With the numbness pulsing through my veins and the rage of a lifetime of loss fueling me, I lashed out. I drew the scalpel across his jugular with an accuracy borne of countless hours of training with Ian. I severed his artery and as he fell to his knees in surprise, I pushed him over. I hopped down from the table in the hospital gown and I straddled him. I made sure he was looking at me as his life blood flowed from him.

“Never," I said as I plunged the scalpel straight into his heart, ending his long life.

I sat that way, paralyzed for I don’t know how long. I felt as though my whole world had been stolen. Suddenly, being trapped in a coffin did not seem like such a bad thing. I looked down at my hands covered in blood and tried to wipe them off on my gown violently. No matter how hard I wiped it would not come off. I started to become frantic and realized I was still sitting atop Xavier’s body. I jumped up and away and found myself staring in abject horror towards Kennan’s lifeless body.

I stood there, unsure of what I was supposed to do now.
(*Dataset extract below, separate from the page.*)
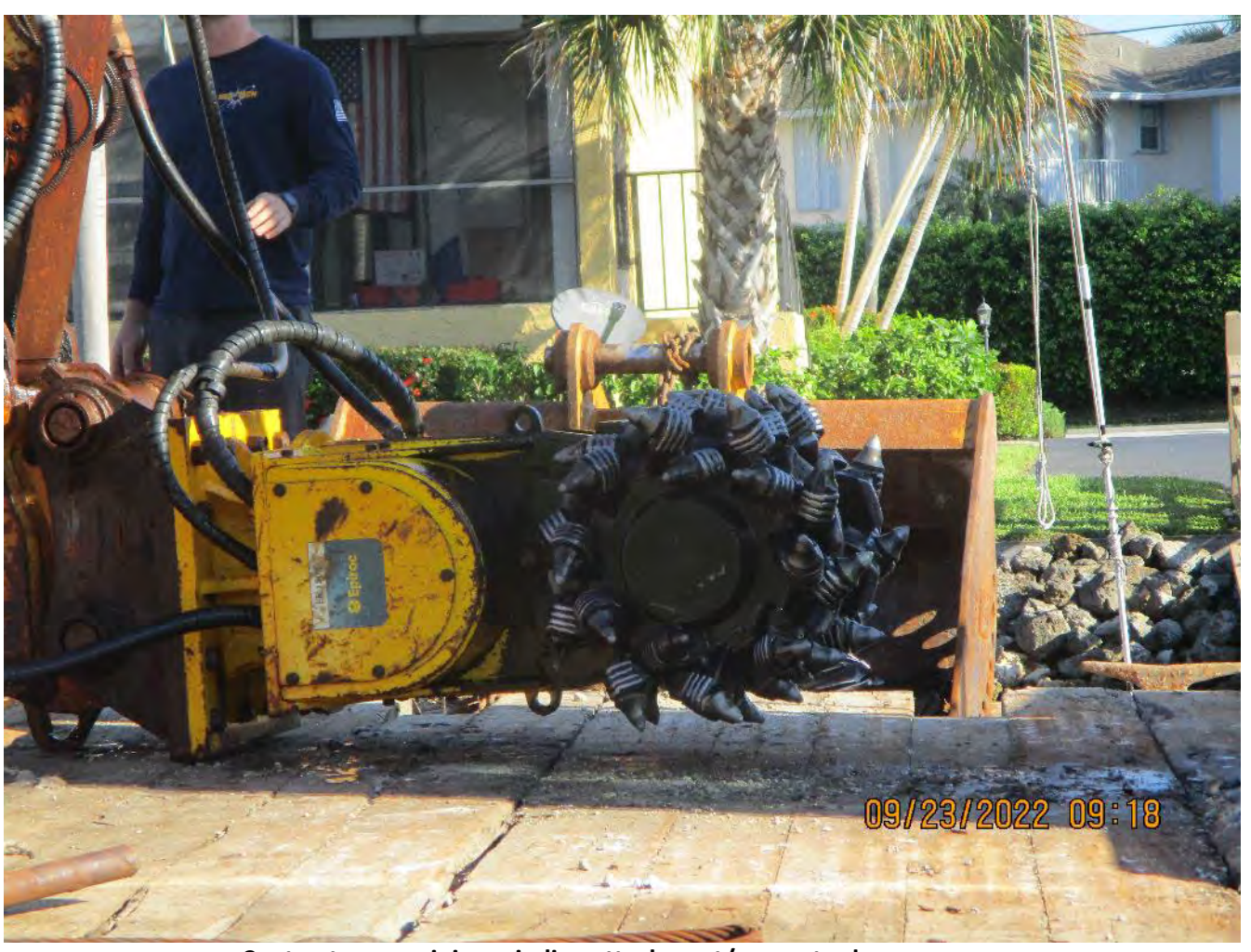
Contractor examining grinding attachment/excavator boom areas

How was I supposed to save anyone if I could not even save the one person I loved? My world felt like it was falling apart and all I could do was stand there dumbly.

“Izzy? Izzy, are you alright?" I heard someone ask softly from behind me.

I turned to find Ian staring at me like I would attack him at any moment. He had his hands in the surrender position and approached me slowly. I looked into his eyes and wanted so badly to scream out or to cry. Any sort of emotion that could convey the emptiness I now felt. Finally, I pointed towards Kennan’s prone body.